Je rigole. Il a tellement raison. J’aime bien qu’il ait compris tout cela, cet homme. Il est lancé, je le laisse continuer sans l’interrompre.

— Le jour où tu vois cette lumière-là, c’est que c’est toi qui mènes ton ego, et plus le contraire. C’est quand on sait s’asseoir sur son orgueil au besoin qu’on est un vrai humain. Ce jour-là, tu comprends que tu es responsable de ce qui se passe dans ta vie. Bonne et mauvaise nouvelle. La mauvaise, c’est que tu n’as plus l’excuse de ne pas savoir. Tu n’es plus une enfant, plus une ado écervelée, tu es enfin adulte et tu assumes tes responsabilités. La bonne, c’est que tu prends tes responsabilités. C’est toi qui as les rênes de ta vie et tu as les pleins pouvoirs sur elle. Ah, l’odeur du vent de la liberté, le jour où tu percutes ça! 
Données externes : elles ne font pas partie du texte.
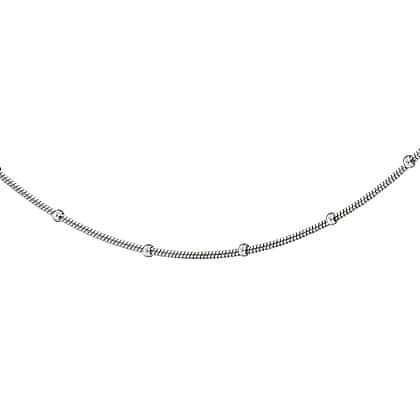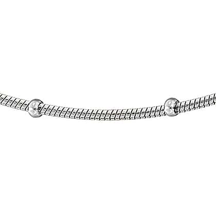 This silver chain has an awe-inspiring design which blends the snake design with the ball-station necklace. The chain has a robust build and clean silhouette that speaks of exceptional craftsmanship. It looks equally great when paired with glamorous evening wear and a daytime sundress. The 20-inch length of the chain adds to its feminine charm.

— La monumentale trouille, oui! Moi, le jour où j’ai compris cela, j’ai eu très peur. Je me suis sentie légère comme une plume, c’est vrai, j’ai adoré savoir que j’étais libre de vivre tout ce que je voulais, mais j’en ai crevé de trouille. D’abord, comme tu dis, ce drôle de sentiment, cette certitude de ne plus jamais pouvoir dire décemment «je ne savais pas». Perdre cette innocence. Plus d’excuses, désormais, quand un truc m’arrive, c’est de ma faute. Et puis après, la peur de faire faux, la peur d’attirer à nouveau des ennuis.
— C’est vrai, il y a un moment complètement flippant. Mais avoue qu’ensuite, c’est allé mieux dans ta vie, non? Tu te rappelles cette vibration, cette émotion à ce moment-là? Le jour où tu as décidé que ça allait se passer autrement? 
— Oui, c’était une sensation nouvelle. Faite de sentiments et d’émotions connus mais la vibration en soi était nouvelle.
— C’est celle de la transformation. L’alchimie, le grand œuvre. Le plomb qui se met à vibrer à la fréquence de l’or. Notre propre ombre qui devient lumière. Une fois que tu l’as ressentie, c’est imprimé dans tes cellules. 
— Oui, et ensuite, tu sais que tu transformes vraiment seulement quand tu ressens à nouveau cette vibration. 
— Et tu peux libérer le passé. Le plomb du passé n’existe plus tu emportes avec toi l’or du présent. Le passé change tout le temps, tout comme le futur. Seul l’instant présent existe.